WHAT THE EXERCISE ASKS - Only the text is wanted; write out each record below exactly and exclude all pictures.

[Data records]
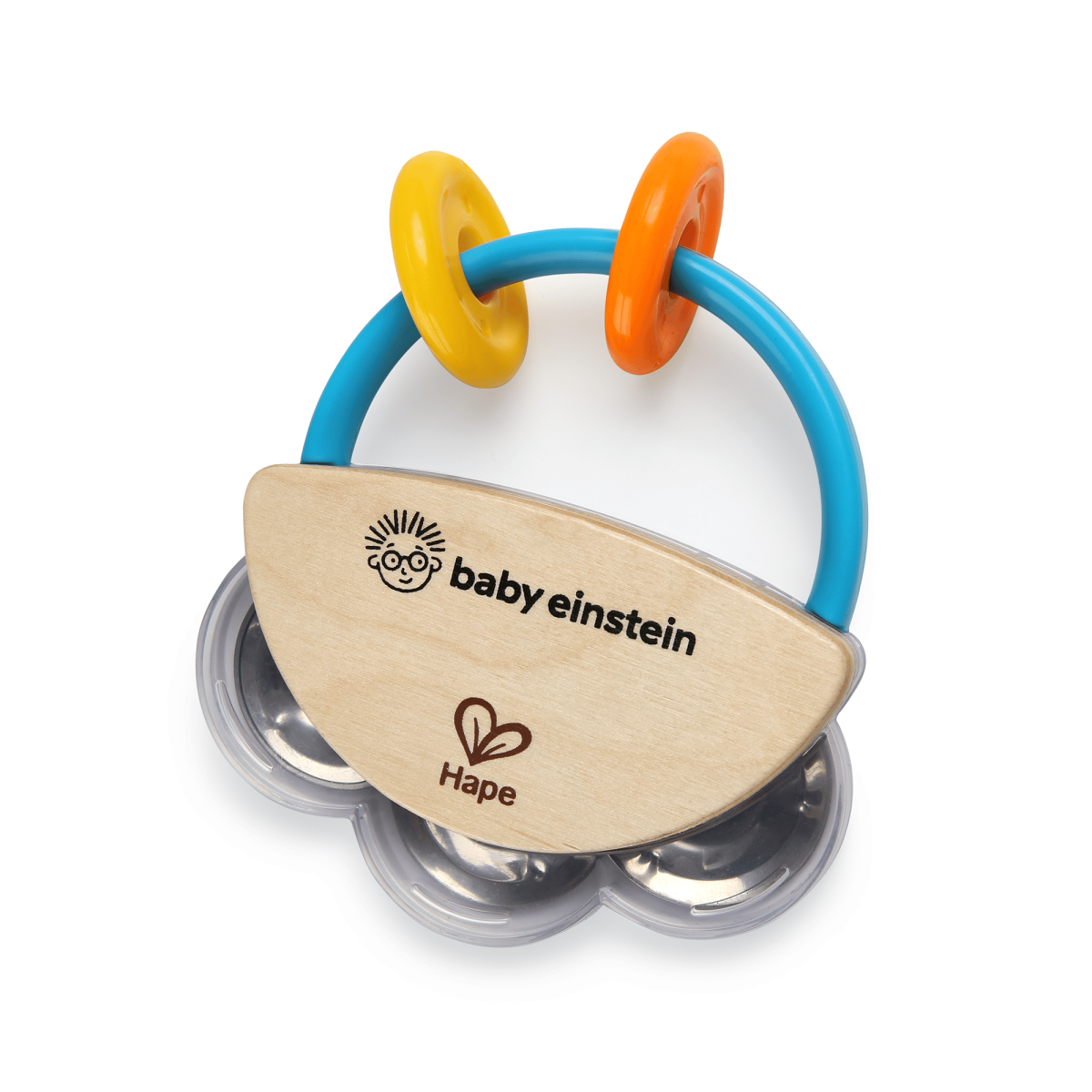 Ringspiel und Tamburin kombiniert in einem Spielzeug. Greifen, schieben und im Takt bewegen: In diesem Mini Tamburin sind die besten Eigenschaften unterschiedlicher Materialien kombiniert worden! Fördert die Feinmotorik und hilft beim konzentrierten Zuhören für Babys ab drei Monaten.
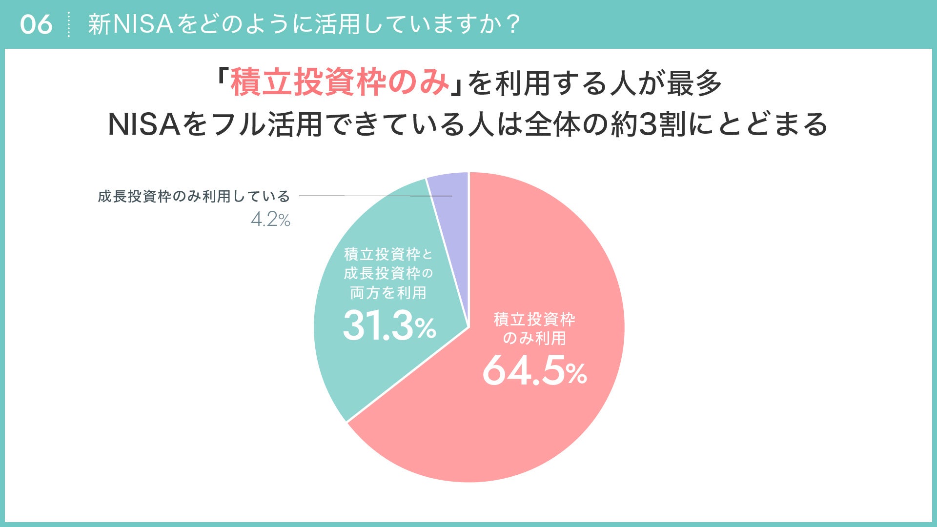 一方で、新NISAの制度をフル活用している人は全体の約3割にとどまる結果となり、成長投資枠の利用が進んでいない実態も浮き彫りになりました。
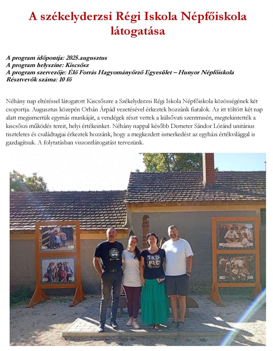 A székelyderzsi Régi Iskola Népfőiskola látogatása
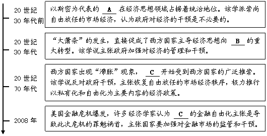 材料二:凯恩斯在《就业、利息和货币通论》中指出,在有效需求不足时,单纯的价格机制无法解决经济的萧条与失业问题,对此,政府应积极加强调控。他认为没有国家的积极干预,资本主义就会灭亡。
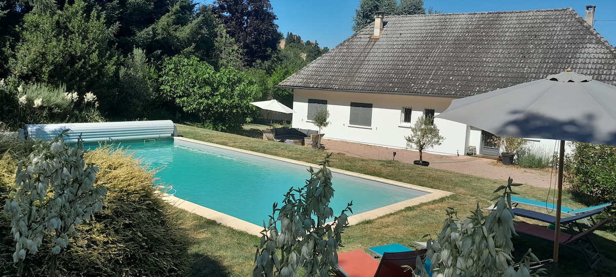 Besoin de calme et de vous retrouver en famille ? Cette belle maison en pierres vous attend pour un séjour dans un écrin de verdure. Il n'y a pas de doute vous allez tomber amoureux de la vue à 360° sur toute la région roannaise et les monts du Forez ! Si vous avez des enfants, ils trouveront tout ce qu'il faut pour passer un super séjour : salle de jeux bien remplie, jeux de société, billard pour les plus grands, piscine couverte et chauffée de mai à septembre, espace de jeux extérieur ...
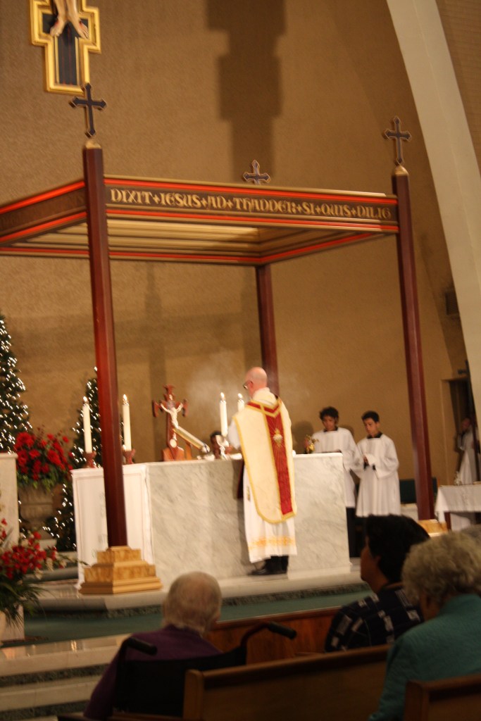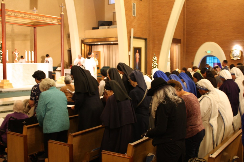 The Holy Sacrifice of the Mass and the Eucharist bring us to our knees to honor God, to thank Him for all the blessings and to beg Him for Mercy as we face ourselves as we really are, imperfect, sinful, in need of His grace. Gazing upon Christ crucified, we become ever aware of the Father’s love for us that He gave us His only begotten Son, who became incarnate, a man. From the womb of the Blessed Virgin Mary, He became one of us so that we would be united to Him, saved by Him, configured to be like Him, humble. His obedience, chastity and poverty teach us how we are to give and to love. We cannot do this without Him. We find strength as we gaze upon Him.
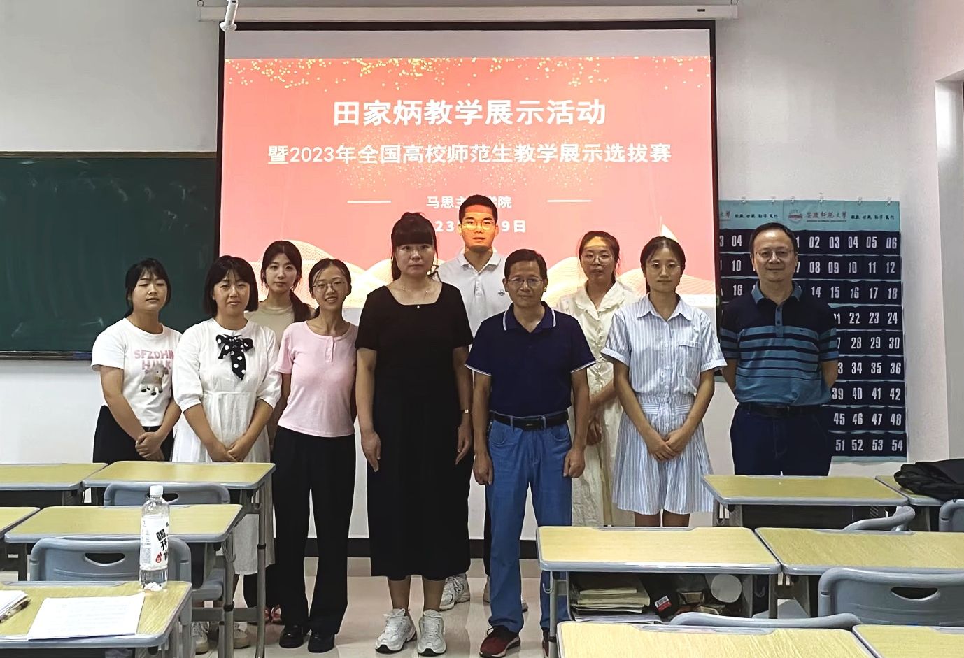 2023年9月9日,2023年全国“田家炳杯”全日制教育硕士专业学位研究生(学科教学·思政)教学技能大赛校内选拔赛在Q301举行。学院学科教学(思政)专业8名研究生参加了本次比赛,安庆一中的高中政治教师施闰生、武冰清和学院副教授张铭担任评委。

EXERCISE SOLUTION -
 Ringspiel und Tamburin kombiniert in einem Spielzeug. Greifen, schieben und im Takt bewegen: In diesem Mini Tamburin sind die besten Eigenschaften unterschiedlicher Materialien kombiniert worden! Fördert die Feinmotorik und hilft beim konzentrierten Zuhören für Babys ab drei Monaten.
 一方で、新NISAの制度をフル活用している人は全体の約3割にとどまる結果となり、成長投資枠の利用が進んでいない実態も浮き彫りになりました。
 A székelyderzsi Régi Iskola Népfőiskola látogatása
 材料二:凯恩斯在《就业、利息和货币通论》中指出,在有效需求不足时,单纯的价格机制无法解决经济的萧条与失业问题,对此,政府应积极加强调控。他认为没有国家的积极干预,资本主义就会灭亡。
 Besoin de calme et de vous retrouver en famille ? Cette belle maison en pierres vous attend pour un séjour dans un écrin de verdure. Il n'y a pas de doute vous allez tomber amoureux de la vue à 360° sur toute la région roannaise et les monts du Forez ! Si vous avez des enfants, ils trouveront tout ce qu'il faut pour passer un super séjour : salle de jeux bien remplie, jeux de société, billard pour les plus grands, piscine couverte et chauffée de mai à septembre, espace de jeux extérieur ...
 The Holy Sacrifice of the Mass and the Eucharist bring us to our knees to honor God, to thank Him for all the blessings and to beg Him for Mercy as we face ourselves as we really are, imperfect, sinful, in need of His grace. Gazing upon Christ crucified, we become ever aware of the Father’s love for us that He gave us His only begotten Son, who became incarnate, a man. From the womb of the Blessed Virgin Mary, He became one of us so that we would be united to Him, saved by Him, configured to be like Him, humble. His obedience, chastity and poverty teach us how we are to give and to love. We cannot do this without Him. We find strength as we gaze upon Him.
 2023年9月9日,2023年全国“田家炳杯”全日制教育硕士专业学位研究生(学科教学·思政)教学技能大赛校内选拔赛在Q301举行。学院学科教学(思政)专业8名研究生参加了本次比赛,安庆一中的高中政治教师施闰生、武冰清和学院副教授张铭担任评委。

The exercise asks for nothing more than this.